___ Exercise input ___

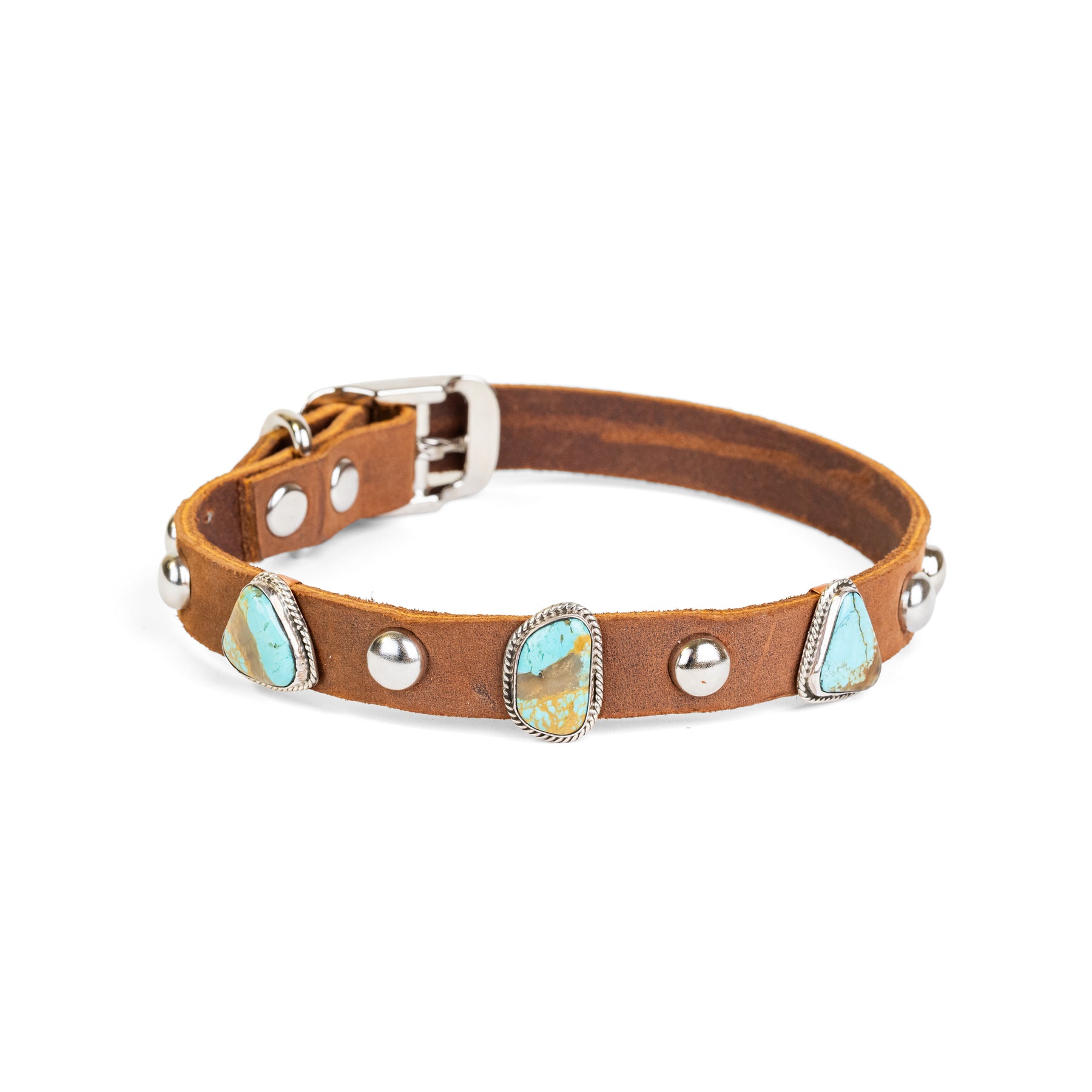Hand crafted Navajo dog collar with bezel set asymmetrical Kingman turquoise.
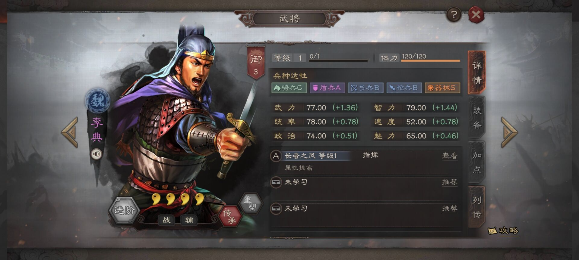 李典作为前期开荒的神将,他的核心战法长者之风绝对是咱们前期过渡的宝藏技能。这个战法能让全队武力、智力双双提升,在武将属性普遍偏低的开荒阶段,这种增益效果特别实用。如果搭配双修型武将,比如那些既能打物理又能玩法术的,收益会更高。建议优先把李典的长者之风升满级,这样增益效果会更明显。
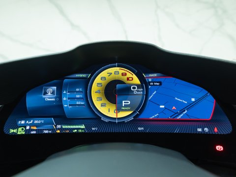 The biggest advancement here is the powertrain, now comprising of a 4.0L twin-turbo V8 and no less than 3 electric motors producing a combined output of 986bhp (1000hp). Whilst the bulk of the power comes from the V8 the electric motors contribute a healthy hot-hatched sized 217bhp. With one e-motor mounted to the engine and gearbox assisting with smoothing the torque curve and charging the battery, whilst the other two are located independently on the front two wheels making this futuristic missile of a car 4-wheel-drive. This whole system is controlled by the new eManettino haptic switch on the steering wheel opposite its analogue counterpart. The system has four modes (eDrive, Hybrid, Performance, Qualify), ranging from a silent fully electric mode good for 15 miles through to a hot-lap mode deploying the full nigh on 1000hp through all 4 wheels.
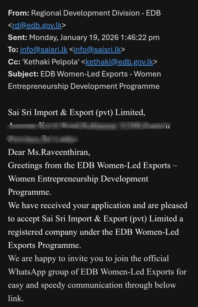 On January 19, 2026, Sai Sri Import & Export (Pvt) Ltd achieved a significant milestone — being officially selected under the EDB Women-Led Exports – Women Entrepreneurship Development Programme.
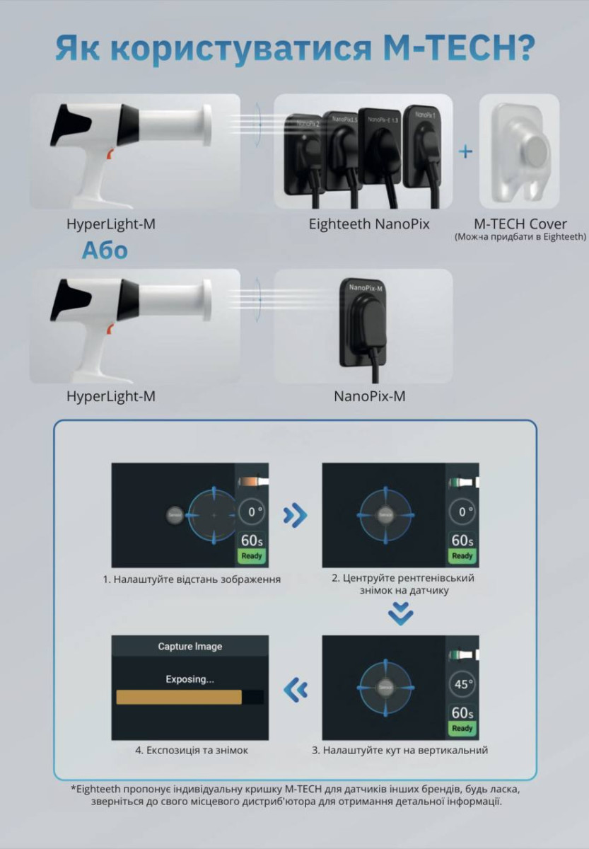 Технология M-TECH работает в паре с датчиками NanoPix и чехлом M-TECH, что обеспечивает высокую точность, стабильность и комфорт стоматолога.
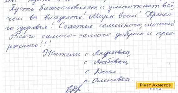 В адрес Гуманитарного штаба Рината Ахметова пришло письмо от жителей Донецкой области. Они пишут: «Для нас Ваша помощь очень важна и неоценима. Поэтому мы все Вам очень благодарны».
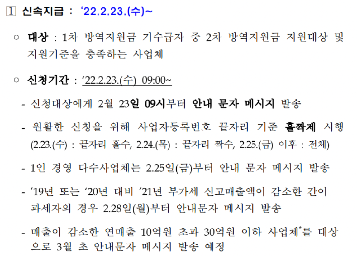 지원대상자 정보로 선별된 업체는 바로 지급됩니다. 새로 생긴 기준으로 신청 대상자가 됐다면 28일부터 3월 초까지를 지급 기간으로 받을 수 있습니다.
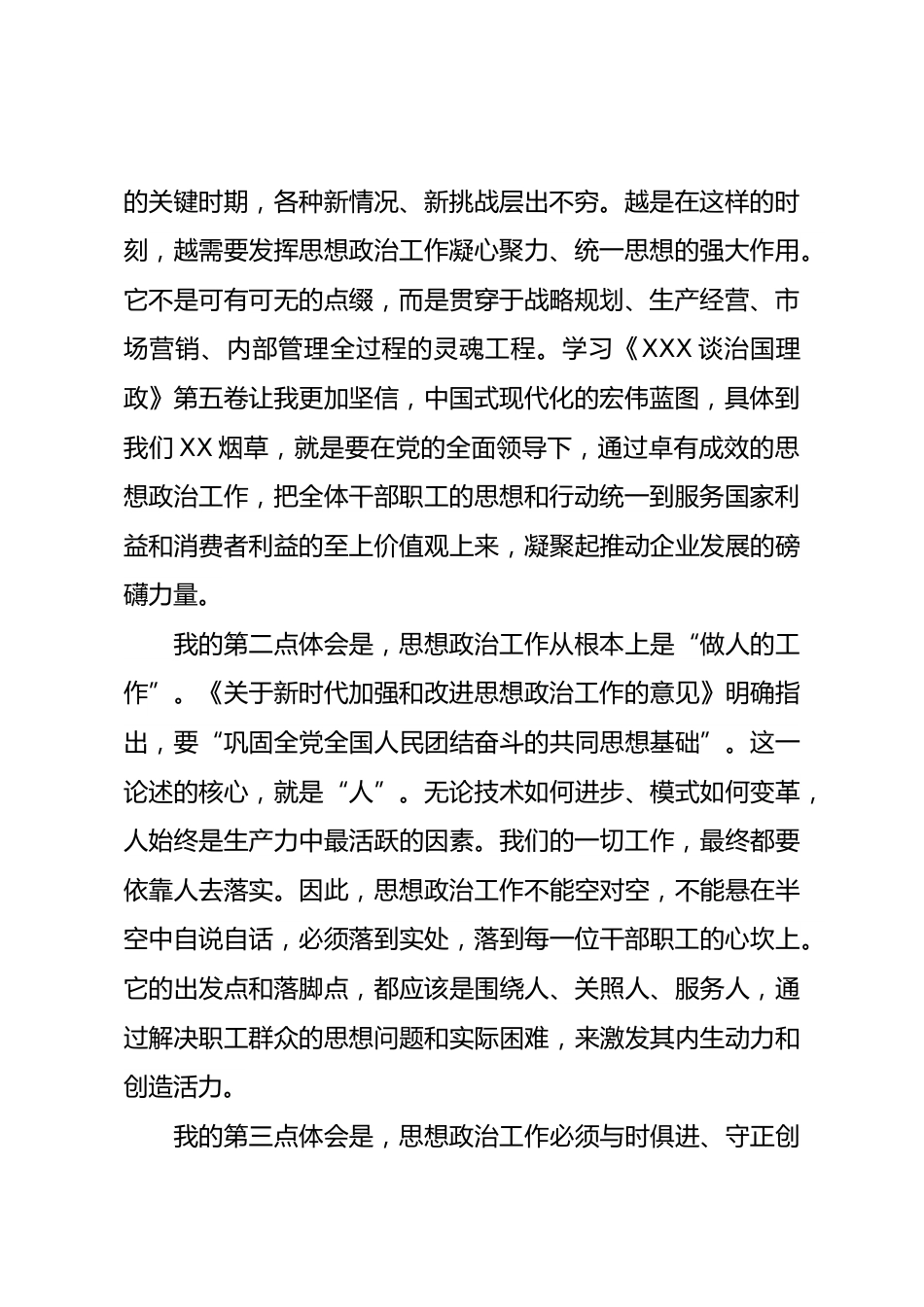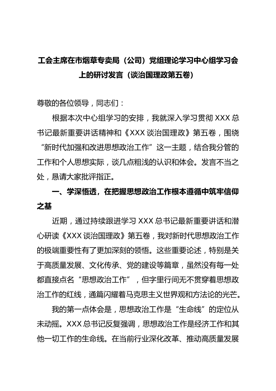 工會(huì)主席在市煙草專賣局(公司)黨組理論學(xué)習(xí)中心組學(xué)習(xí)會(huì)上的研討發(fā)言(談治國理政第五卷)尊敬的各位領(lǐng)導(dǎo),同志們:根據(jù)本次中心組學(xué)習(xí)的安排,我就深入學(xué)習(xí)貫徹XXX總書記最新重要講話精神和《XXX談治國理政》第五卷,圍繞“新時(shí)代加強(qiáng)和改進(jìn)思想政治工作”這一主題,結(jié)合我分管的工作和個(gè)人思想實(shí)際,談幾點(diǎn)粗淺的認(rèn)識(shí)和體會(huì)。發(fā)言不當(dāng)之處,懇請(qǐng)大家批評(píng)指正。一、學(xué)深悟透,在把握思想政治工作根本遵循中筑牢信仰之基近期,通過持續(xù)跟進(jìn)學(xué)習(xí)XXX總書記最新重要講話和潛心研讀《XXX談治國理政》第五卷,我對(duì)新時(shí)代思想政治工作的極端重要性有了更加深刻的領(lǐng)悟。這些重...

___

• [Your objective] Write out again every line above exactly as given; the pictures do not belong in the copy.

• [Output of the exercise]
Hand crafted Navajo dog collar with bezel set asymmetrical Kingman turquoise.
 李典作为前期开荒的神将,他的核心战法长者之风绝对是咱们前期过渡的宝藏技能。这个战法能让全队武力、智力双双提升,在武将属性普遍偏低的开荒阶段,这种增益效果特别实用。如果搭配双修型武将,比如那些既能打物理又能玩法术的,收益会更高。建议优先把李典的长者之风升满级,这样增益效果会更明显。
 The biggest advancement here is the powertrain, now comprising of a 4.0L twin-turbo V8 and no less than 3 electric motors producing a combined output of 986bhp (1000hp). Whilst the bulk of the power comes from the V8 the electric motors contribute a healthy hot-hatched sized 217bhp. With one e-motor mounted to the engine and gearbox assisting with smoothing the torque curve and charging the battery, whilst the other two are located independently on the front two wheels making this futuristic missile of a car 4-wheel-drive. This whole system is controlled by the new eManettino haptic switch on the steering wheel opposite its analogue counterpart. The system has four modes (eDrive, Hybrid, Performance, Qualify), ranging from a silent fully electric mode good for 15 miles through to a hot-lap mode deploying the full nigh on 1000hp through all 4 wheels.
 On January 19, 2026, Sai Sri Import & Export (Pvt) Ltd achieved a significant milestone — being officially selected under the EDB Women-Led Exports – Women Entrepreneurship Development Programme.
 Технология M-TECH работает в паре с датчиками NanoPix и чехлом M-TECH, что обеспечивает высокую точность, стабильность и комфорт стоматолога.
 В адрес Гуманитарного штаба Рината Ахметова пришло письмо от жителей Донецкой области. Они пишут: «Для нас Ваша помощь очень важна и неоценима. Поэтому мы все Вам очень благодарны».
 지원대상자 정보로 선별된 업체는 바로 지급됩니다. 새로 생긴 기준으로 신청 대상자가 됐다면 28일부터 3월 초까지를 지급 기간으로 받을 수 있습니다.
 工會(huì)主席在市煙草專賣局(公司)黨組理論學(xué)習(xí)中心組學(xué)習(xí)會(huì)上的研討發(fā)言(談治國理政第五卷)尊敬的各位領(lǐng)導(dǎo),同志們:根據(jù)本次中心組學(xué)習(xí)的安排,我就深入學(xué)習(xí)貫徹XXX總書記最新重要講話精神和《XXX談治國理政》第五卷,圍繞“新時(shí)代加強(qiáng)和改進(jìn)思想政治工作”這一主題,結(jié)合我分管的工作和個(gè)人思想實(shí)際,談幾點(diǎn)粗淺的認(rèn)識(shí)和體會(huì)。發(fā)言不當(dāng)之處,懇請(qǐng)大家批評(píng)指正。一、學(xué)深悟透,在把握思想政治工作根本遵循中筑牢信仰之基近期,通過持續(xù)跟進(jìn)學(xué)習(xí)XXX總書記最新重要講話和潛心研讀《XXX談治國理政》第五卷,我對(duì)新時(shí)代思想政治工作的極端重要性有了更加深刻的領(lǐng)悟。這些重...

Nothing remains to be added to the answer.